David Healy, CEO- EMEA, Aetna International discusses the challenges, changes and opportunities when it comes to workplace well-being.
A work force that is happy, purposeful and creative? Or less presenteeism and absenteeism, and more productivity? Whatever employee well-being means to you, arguably there is no time like the present to push it to the top of the corporate agenda. Challenges and change abound in this time of physical distancing, remote working and uncertainty about the future. But it also gives businesses the opportunity – and a tangible reason – to take a fresh look at what they can do to help employees look after their physical and mental well-being.
Before COVID-19 was part of our vernacular, Aetna carried out a global survey that revealed 70% of employers believed that they provided good access to programmes that support health and well-being, but only 23% of employees thought the same. In addition, more than four out of five workers across the globe were cognisant of the fact that mental health issues could one day impact their ability to work, but only one in four believed that their company provided good support for potential conditions. That’s a pretty big gap, and one that takes on more resonance given the stress and anxiety many are experiencing with the coronavirus situation.
It goes to show that, even at the best of times, businesses really need to listen to their employees about what it is they would find useful, as well as ensure education, awareness and accessibility is provided in abundance. However, while there might still be some distance to travel, encouragingly a vital shift is definitely being reflected in the types of conversations we are now having with clients around their health insurance expenditure. It used to be just that – an outlay, a cost, even a tick-box exercise. But increasingly, mindsets are changing and utilisation is becoming the focal point. Businesses are asking, are resources actually meeting need and are staff making the most of the investment?
Consequently, I think there’ll be a lot more emphasis in terms of measurement going forward as companies scrutinise what they are doing well and what just isn’t working. Knowing what ‘good’ adoption and engagement levels look like will also be key – a take up of between 10% & 25% could be an excellent outcome. Let’s not forget that people are individuals and one solution may not suit all.
It’s also interesting how corporate wellness programmes are recognising more and more that hard metrics around things like talent attraction, staff retention and absenteeism are only part of the equation.
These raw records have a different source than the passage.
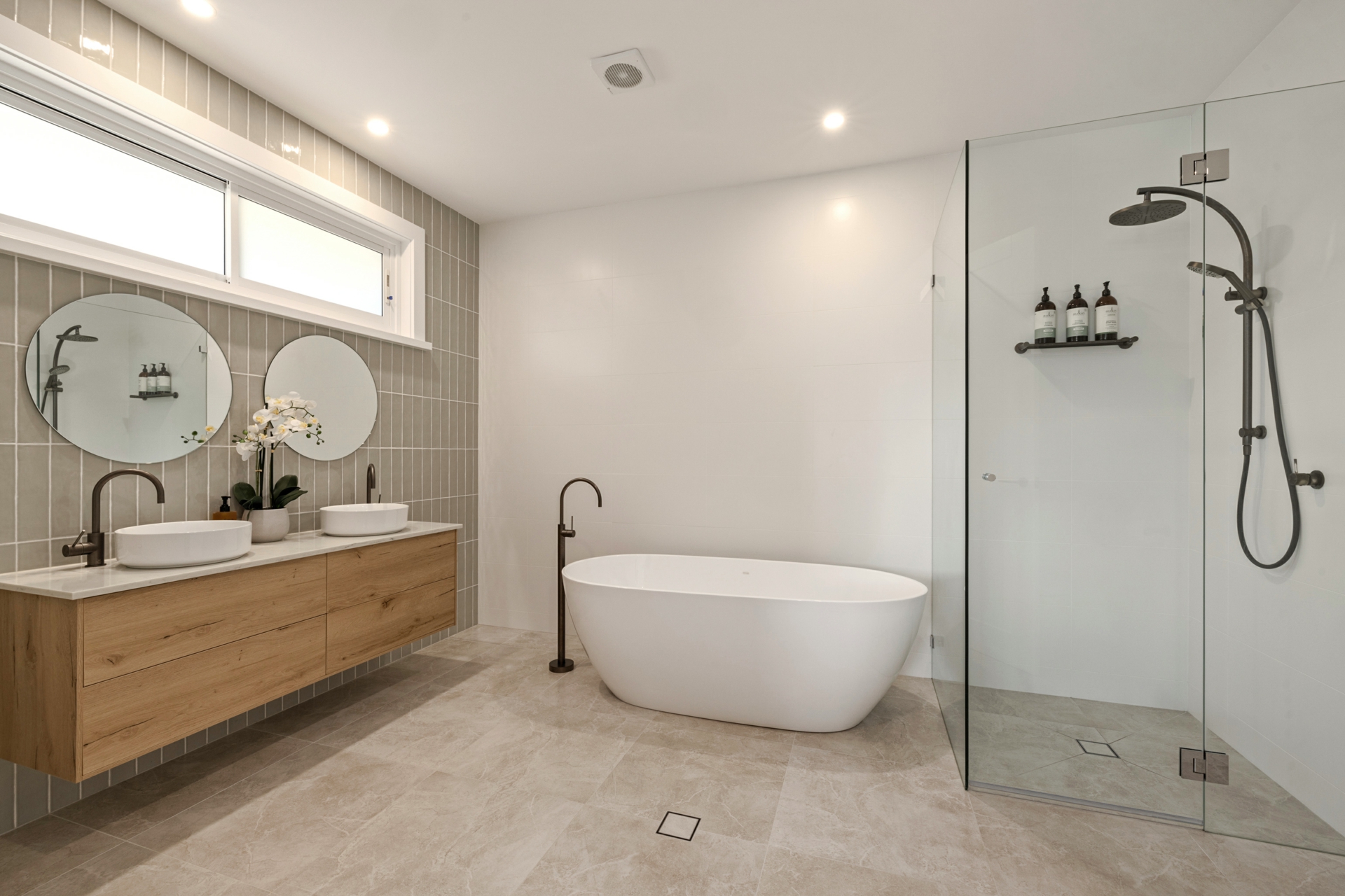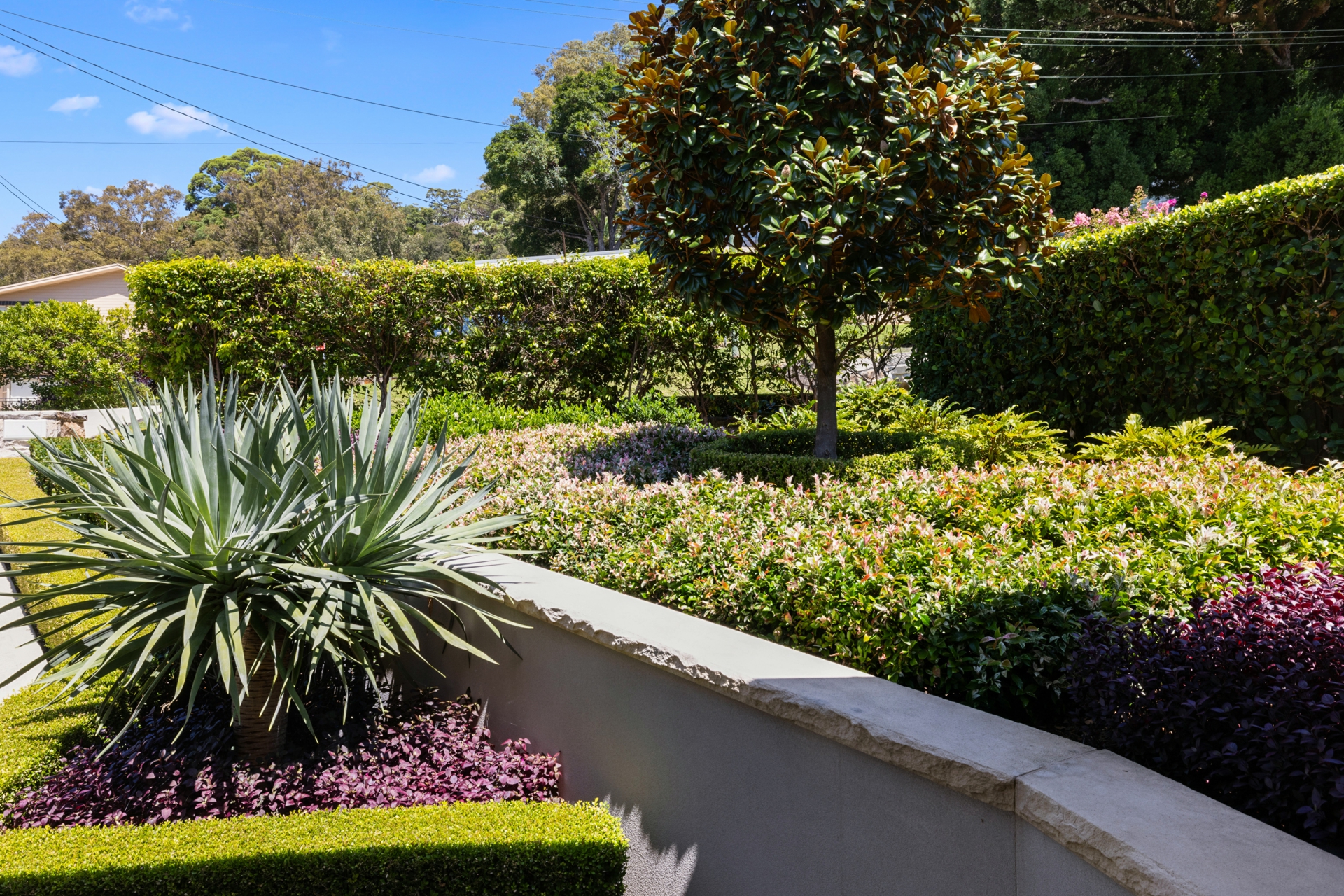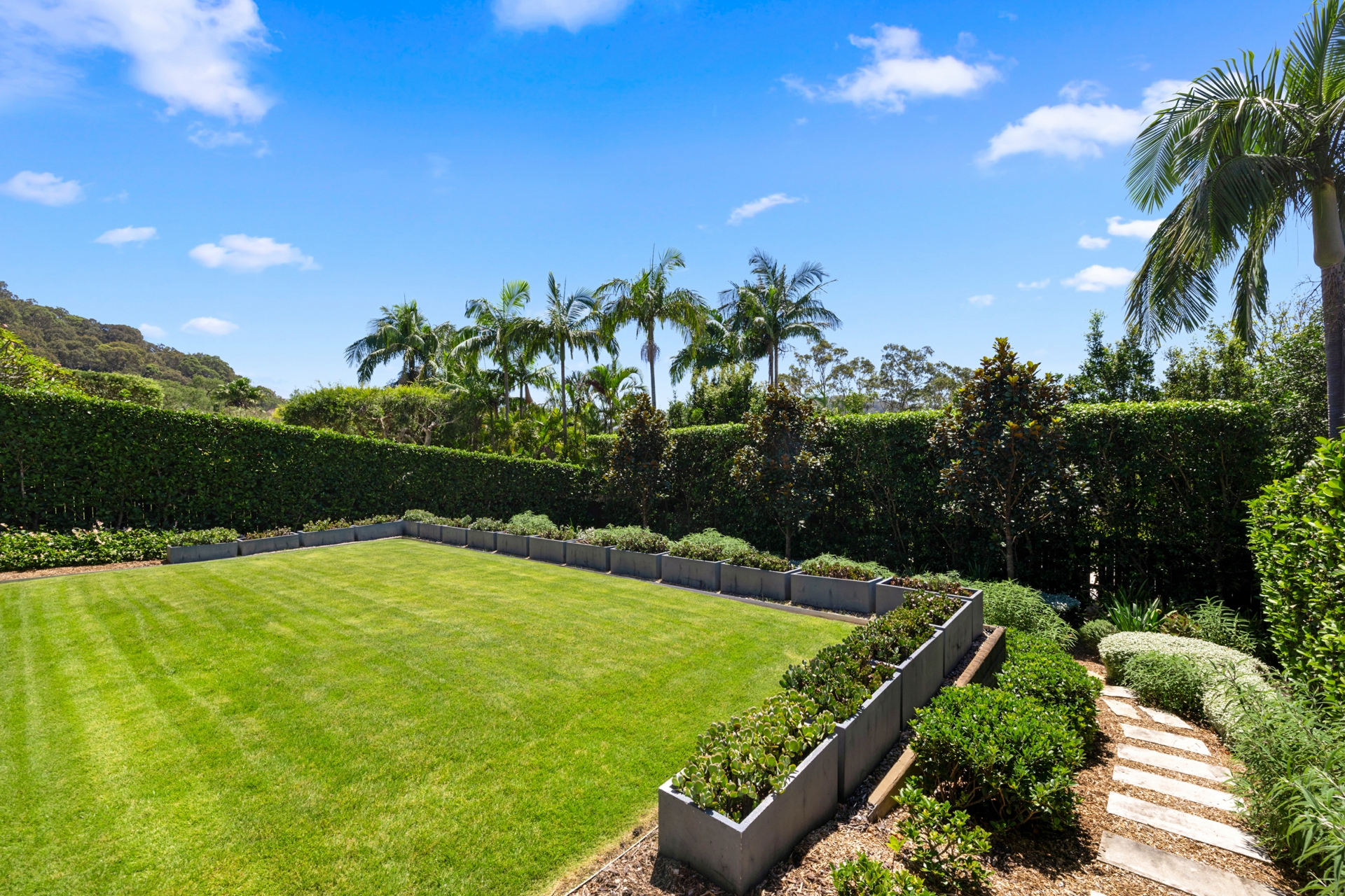 Outdoors, professionally landscaped gardens with automated irrigation frame the residence, offering level lawns, established greenery and privacy while maximising the prized northern aspect.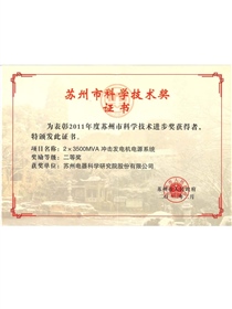 • Suzhou Second Award for Scientific and Technological Progress in 2011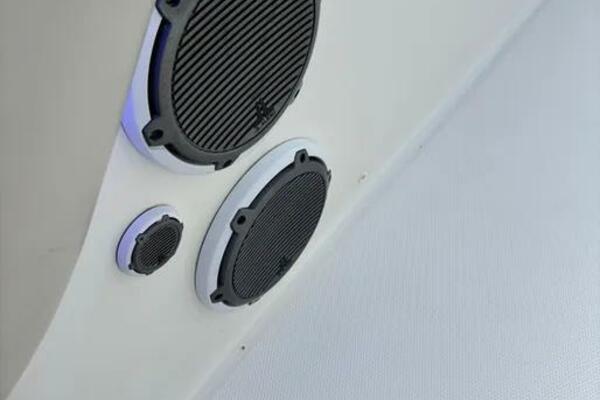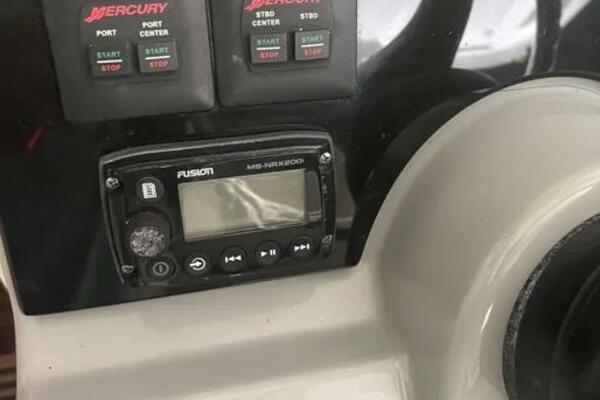 - Stereo - includes: FUSION® integration into Raymarine with Navigation Package, FUSION® stereo DVD/CD/AMFM/VHF, USB AUX input, iPod/iPhone/Android compatible via integrated Bluetooth, Sirius XM option ready, stereo remote controls – helm and bow, MP3/Aux input, JL Audio waterproof speakers – exterior, 7.7” aft cockpit (2), helm deck (4), bow (2), 10” subwoofer, helm deck (2), JL Audio amplifiers (2), JL Audio speakers – interior, 6.5” cabin (4)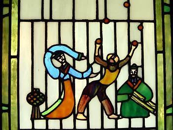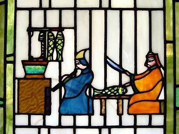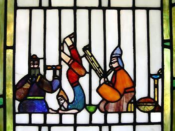 図案は、田辺の部下であった森谷延雄(明治26年-昭和2年、1893-1927)によることがわかっています。また、記録はありませんが、点付けハンダの技法等から、製作は、宇野澤組ステンドグラス製作所によると推定されています。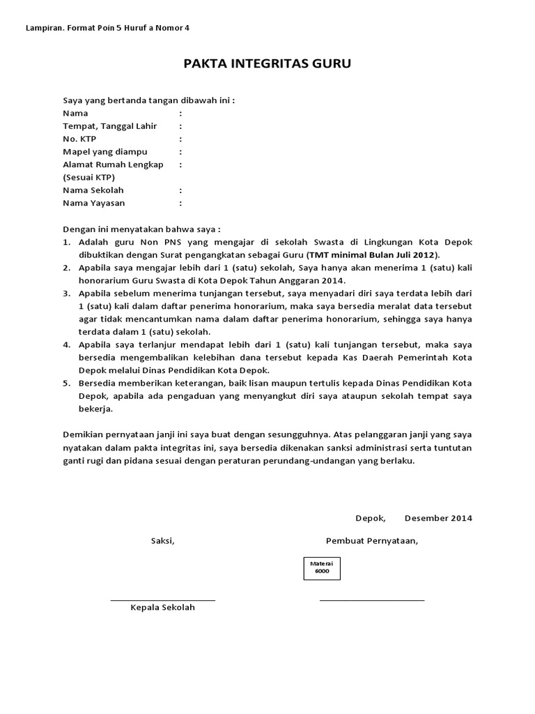 Contoh Surat Pakta Integritas Guru Untuk Kenaikan Pangkat Wawasan Pendidikan Nusantara from 2.bp.blogspot.com Check spelling or type a new query. Maybe you would like to learn more about one of these? We did not find results for: Contoh pakta integritas guru yayasan doc.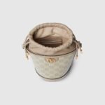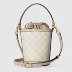 The Ophidia line is further elevated through new sizes and styles including variations with top handles as well as shoulder straps, allowing for versatile wear. The signature Double G hardware completes this mini bucket bag in a light gold against a beige and white GG Supreme canvas base.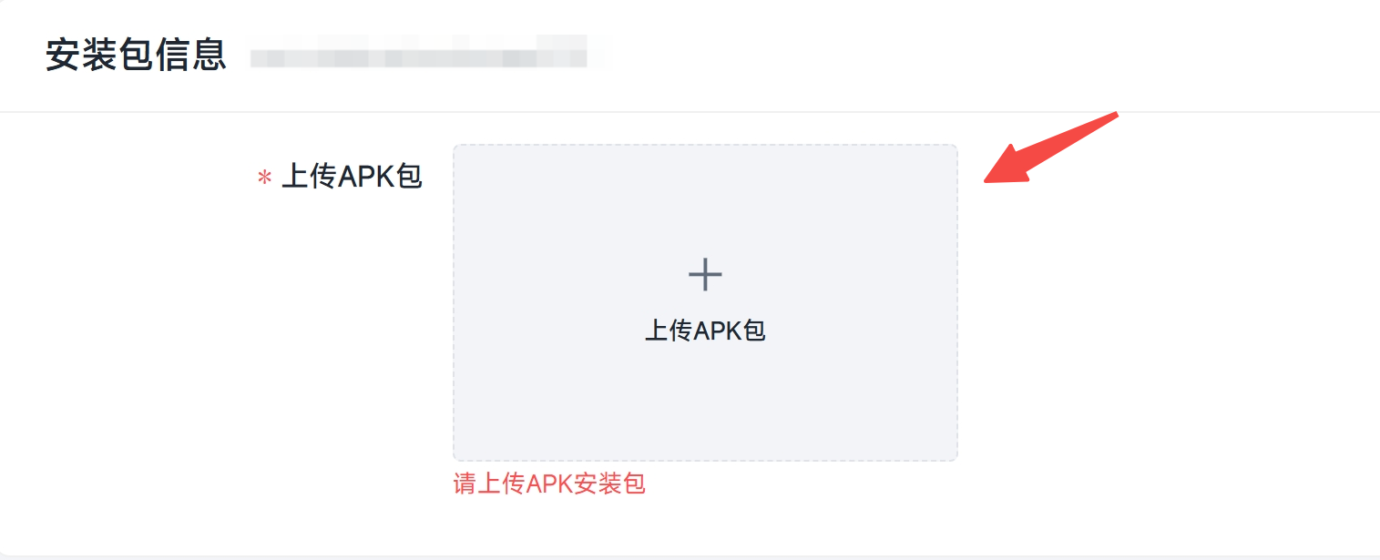 点击”上传APK包“,选择对应的APK安装包进行上传,需确保安装包内的包名与创建应用的包名一致。上传完成后我们将自动解析您安装包内的各项信息,如果您包体较大,请耐心等待解析完成;解析完成后,请检查各项解析字段是否正确。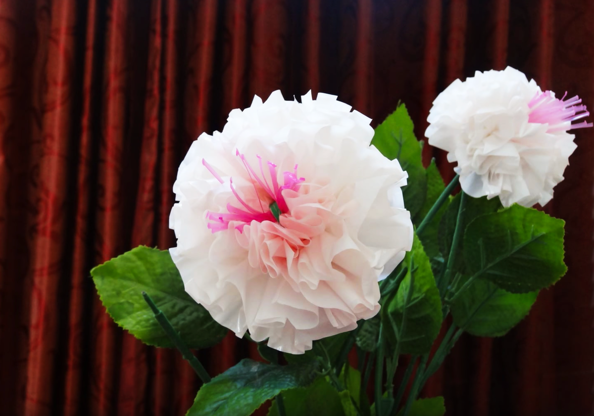 Когда мы делаем цветы в домашних условиях, это всегда поднимает настроение. Если вы хотите положительных эмоций от рукоделия, выбирайте цветы. Сделать такой пушистый букет просто элементарно. Нам понадобятся: Возьмите белый пакет и разверните его на столе. Отрежьте 2 полосы. И разрежьте их пополам. У нас получились 4 длинных пластиковых ленты. Отрежьте трубочку по длине равную ширине полосок. Согните ее пополам Нарежьте тоненькими полосочками с двух сторон, не прорезая середины. Подплавьте края над свечей или зажигалкой. Вот что должно получится, это будут наши пестики. Положите полоски друг на друга и соберите их гармошкой. сожмите в центре. Сюда же прислоним пестики. Перевяжем зеленой проволокой. Развернем гармошку Расправим каждый слой по отдельности. Вот такая красота у нас получилась. Чтобы цветок выглядел более аккуратно, обрежьте лишнее. Придайте цветку шарообразную форму. Будьте осторожны, не срежьте пестики. Наши цветы готовы, сделайте несколько цветов и прикрепите их на
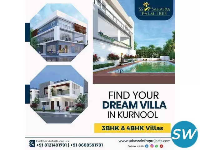 Discover a life of opulence at SS Sahasra Palm Tree, where luxury meets comfort. Our 3BHK and 4BHK independent villas redefine modern living, offering exclusive amenities like a state-of-the-art Gym and a refreshing Swimming Pool. Elevate your lifestyle in the heart of Kurnool.

If you want a workforce that is energetic, engaged and innovative, then it’s imperative to look at softer measures such as job satisfaction, purpose and a sense of belonging too.
This was something I was reminded of at the start of lockdown when I spoke to my team about our mass migration to working from home. Although smoothly running the practical side of this move had been a huge focal point from a business continuity perspective, it was an almost off-hand comment I made about not worrying if children or dogs could be seen or heard in the background of calls that seemed to reassure people the most. It served as a sharp reminder about how important it is to think about employee well-being in an empathetic, understanding and basically human way if we want to build a resilient workforce.
Similarly, at a time when we need to physically distance and stay isolated from others, social connectedness has to be a priority for companies wanting to ensure robust mental health for employees. For example, at Aetna, we’ve implemented a number of different strategies, from virtual get-togethers, to fun events, quizzes, games and online exercise classes. But most importantly, putting a spotlight on positive mental health must come from the top. The 24/7 ‘permanently on’ work culture is a blessing and a curse of technology, and working from home means it can be harder than ever to switch off. So, it falls to leaders to place emphasis on flexibility, and the rest and recovery phases that are so crucial to preventing employee overwhelm and burnout.
As a health insurer with an ethos of moving from ‘sick care’ to ‘well care’, this is all part of walking the walk for us. We want customers and employees to be empowered to take preventative, personal action to reduce the well-being impact of difficult circumstances, and remain in optimum physical and mental health come what may. After all, we’re not going to move to a world ‘after COVID-19’, we’re going to be living in a world that has COVID-19 in it. With so much uncertainty about what this means, the most successful corporate wellness programmes will be designed with straightforward objectives – to meet people wherever they are on their health journey, navigate them to the right support and ultimately help move them to wherever they want to be.